The french bank unveils a new corporate and investment banking model centred on serving major clients and the closure of operations in 21 countries
Crédit Agricole which had already announced the suppression of its activities in aeronautic financing, project and shipping financing carried out in US dollars will also eliminate its activities in Equity and Commodity derivatives. “It is a major mistake” according to Etienne Bairr [1], an outgoing senior executive of one the main French banks.
“French banks have lost an economic war currently taking place over the financial landscape. It is not so much the layoffs that are the problem but the suppression of activities in strategic parts of the world and more broadly the scrapping of financing activities in profitable sectors such as aeronautics during the coming years. How will we justify leaving such a profitable sector in the next 10 to 20 years? This is especially true in Asia and the gulf region where this sector’s growth is expected to amount in the tens of billions” adds Etienne Bair.

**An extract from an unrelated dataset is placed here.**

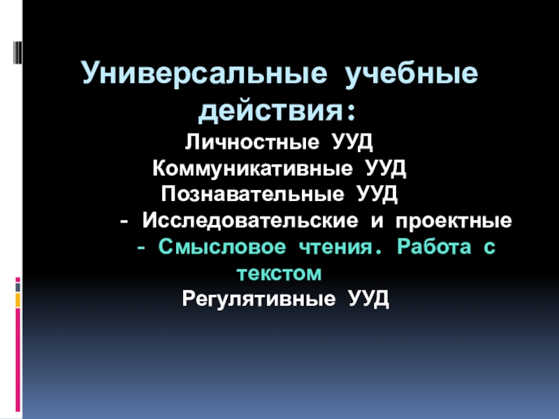 · в личностные УУД входят мотивация чтения, мотивы учения, отношение к себе и к школе;

Several Asian, American and even European banks have voiced their delight at this massive withdrawal of French banks. It is especially the case of Standard Chartered Bank. The latter, which has a long term presence in Asia and the Middle East where it achieves almost 80% of its profits, sees the opportunity to grab part of the business left by its outgoing competitors. “As a result of the stricter regulation and the escalating sovereign debt crisis in the Eurozone, we are expecting a massive deleveraging from European banks” has recently confided Richard Meddings, Standard Chartered’s financial director, to Reuters. He is expecting to grab market shares in cash management, project financing and import / export financing. He is also planning to increase the sale of high value added goods. This would not only be targeted to the bank’s first 100 clients but the next 500 as well.
Etienne Bair shares this view. “Some corporate companies are already complaining of the absence of French banks during financing operations. This will penalize the banks’ underlying activities (advisory, the sale of hedging products through derivatives) which have strong profit margins. Most clients, when they obtain financing, carry out their hedging operations on fixed income, foreign exchange and commodities with the banks that have participated in the financing process. The French banks therefore run the risk of seeing a sharp drop in profits caused by the scrapping of these activities. The banks that resist will then be able to increase their margins.
If the activities of the French banks in the United States and Asia were indeed profitable, they were very capital consuming. French banks were also finding it more and more difficult to access financing in US dollars since they were being gunned down by American monetary funds. The latter have been the first to take hostile action by withdrawing almost 100 billion dollars from European banks (mainly French ones) between the end of May and the beginning of August thus increasing the pressure on them.
“Instead of helping to improve dollar liquidity in the overall financial system, the Fed became worried about the possible leaking of funds from the US towards Europe through the subsidiaries of some European banks. It woke up too late by decreasing its currency swap rates with other central banks and the damage was already done” analyses Etienne Bair.
Must we see some kind of conspiracy in all this as suggested by Laurence Parisot, the chief of the MEDEF? “A conspiracy? I don’t know but we live are in an extremely competitive world and the French banks have been naïve. They should have cooperated among themselves and refused the application of these new iniquitous rules that are totally counterproductive and absurd. American banks have never complied to the Basel II agreements, it’s a political choice! French and European banks should do likewise with Basel III” answers Etienne Bair.